The goal is a clean copy of all the data below, with pictures dropped and everything else retyped exactly.

Supplied information:
################

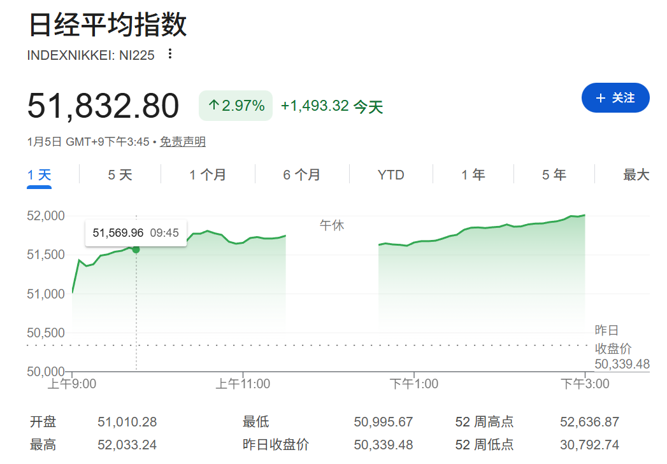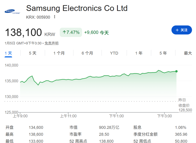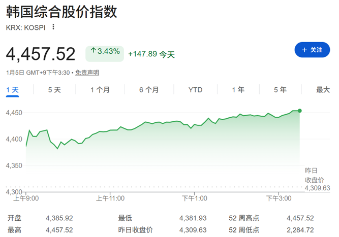 韩国股市延续涨势,KOSPI指数上涨3.15%,刷新历史新高至4448.52 点。权重股三星电子大涨逾7%,此前其联席CEO卢泰文周一表示,公司计划在今年把搭载谷歌Gemini的AI功能手机设备数量增加一倍。
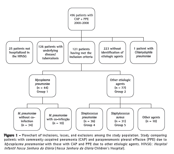 Between 2000 and 2008, 496 patients with CAP/PPE were admitted to the HINSG. After having applied the exclusion criteria, we initially evaluated 345 children and adolescents hospitalized for CAP/PPE; of those, 121 were included in the study on the basis of the etiologic agent, which was identified as typical bacteria or M. pneumonia, no other atypical bacteria having been isolated and identified as the sole etiologic agents (Figure 1).
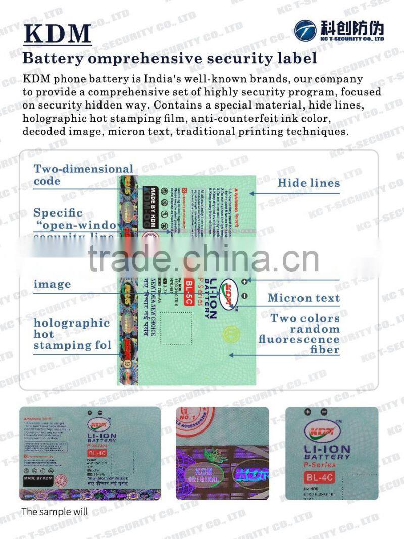 We are a leading manufacturer of security holograms of all types - Hologram hot stamping label, Hot stamping foil, Hologram hot stamping foil label, Hot stamping Hologram label, hot stamping hologram, Hologram Sticker, Hologram Labels, 3D Hologram Sticker, Laser Sticker, Hologram Security label, Holographic Labels, Holographic Packaging, Instant Holograms, Scratch Holograms, Shrink Sleeves Labels, and 2d & 3d holograms. Basically, KC T-Security Co.,Ltd. is a fully integrated hologram manufacturer - everything from Nickel Hologram mastering, to converting, printing, and finishing - is done at our state of the art plant located at ShenZhen,China. For more information, please feel free to link our Website directly at:
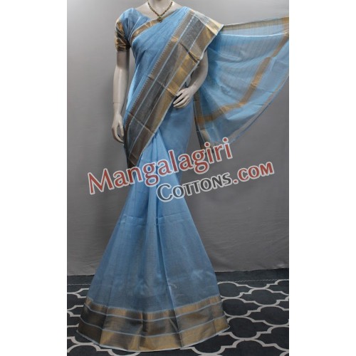 Mangalagiri Handloom Semi Pattu Saree (Cotton Warp + Semi Pattu Weaving) with Gold Zari Border. Saree comes with Unstitched Blouse Piece.
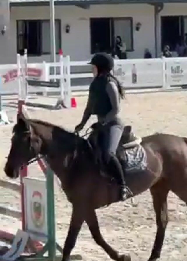 three people horseback riding in an outdoor ring with sand footing. The first rider is a woman wearing a helmet, vest, gray pants, and black boots. Her horse is brown. Another rider, wearing a helmet and striped shirt is on a black horse. The third rider is wearing a helmet, a white shirt, and light colored pants. They are riding in the background on a brown horse. There are several jump obstacles in the ring and a building with a white fence and a sign behind it. The day is sunny.

################

The answer:
 韩国股市延续涨势,KOSPI指数上涨3.15%,刷新历史新高至4448.52 点。权重股三星电子大涨逾7%,此前其联席CEO卢泰文周一表示,公司计划在今年把搭载谷歌Gemini的AI功能手机设备数量增加一倍。
 Between 2000 and 2008, 496 patients with CAP/PPE were admitted to the HINSG. After having applied the exclusion criteria, we initially evaluated 345 children and adolescents hospitalized for CAP/PPE; of those, 121 were included in the study on the basis of the etiologic agent, which was identified as typical bacteria or M. pneumonia, no other atypical bacteria having been isolated and identified as the sole etiologic agents (Figure 1).
 We are a leading manufacturer of security holograms of all types - Hologram hot stamping label, Hot stamping foil, Hologram hot stamping foil label, Hot stamping Hologram label, hot stamping hologram, Hologram Sticker, Hologram Labels, 3D Hologram Sticker, Laser Sticker, Hologram Security label, Holographic Labels, Holographic Packaging, Instant Holograms, Scratch Holograms, Shrink Sleeves Labels, and 2d & 3d holograms. Basically, KC T-Security Co.,Ltd. is a fully integrated hologram manufacturer - everything from Nickel Hologram mastering, to converting, printing, and finishing - is done at our state of the art plant located at ShenZhen,China. For more information, please feel free to link our Website directly at:
 Mangalagiri Handloom Semi Pattu Saree (Cotton Warp + Semi Pattu Weaving) with Gold Zari Border. Saree comes with Unstitched Blouse Piece.
 three people horseback riding in an outdoor ring with sand footing. The first rider is a woman wearing a helmet, vest, gray pants, and black boots. Her horse is brown. Another rider, wearing a helmet and striped shirt is on a black horse. The third rider is wearing a helmet, a white shirt, and light colored pants. They are riding in the background on a brown horse. There are several jump obstacles in the ring and a building with a white fence and a sign behind it. The day is sunny.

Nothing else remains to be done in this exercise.